Mistakes happen, what's next?
Although we have implemented a multi-step quality control procedure, mistakes still happen. As every step is done by humans and we process large batches at a time, we would be untruthful if we said that an occasional bad board never makes it through. Though this is extremely rare, it happens.
If one of our boards is not behaving as expected, we always encourage our users to contact us first. We pride ourselves in providing top-class support and address each inquiry with a personal response (none of those canned messages!). Over the years we have found that if an issue arises it is most often not related to the quality of the board, but rather something software related, or even a bad USB cable (we've written an entire blog about this!).
What about the boards in the picture?
In the most recent QC check of a fresh Nano Flip 3V3 batch, we had identified three boards with issues.
The left board in the picture, which has a white wire attached through one of the mounting holes, did not accept the bootloader. Sometimes we spend a bit of time trying to find anything obvious that could be wrong. In this case, we didn't have time. With any bootloader related issues, we always mark defective boards by attaching the wire. This makes it very easy to identify later on. This board is taken out of circulation.
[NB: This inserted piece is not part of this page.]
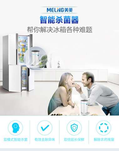 除此之外,美菱還針對冰箱“易生細(xì)菌、保鮮效果差、異味肆虐”的痛點(diǎn)研發(fā)出了“冰箱智能殺菌器”。這款身高103mm,直徑50mm的小巧裝置,能夠通過內(nèi)置
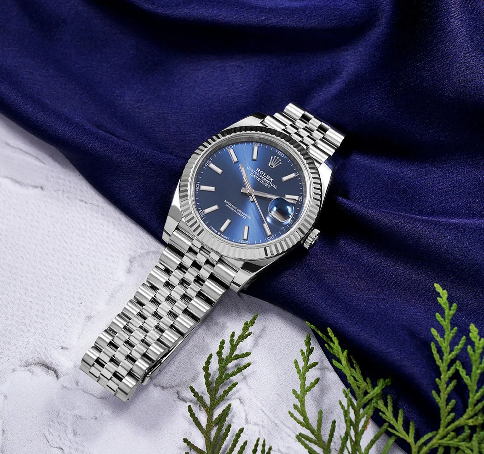 رولكس ديت جست ميرور أوريجنال بلون ازرق واوستيك ستنلس ستيل بلون فضي

The middle board in the picture has a tiny bit of solder stuck inside the USB port. This prevents the USB-C cable from being plugged in! Although this is an easy fix to simply remove the solder, we believe the board is then no longer considered "new". Therefore, this board is taken out of circulation and our team will be using this for in-house projects.
The right board in the picture has a piece of the PCB stuck to it, that remains from the depaneling process. It is easy to remove this piece and sand the rough edge. We do this manually and put the board back into circulation.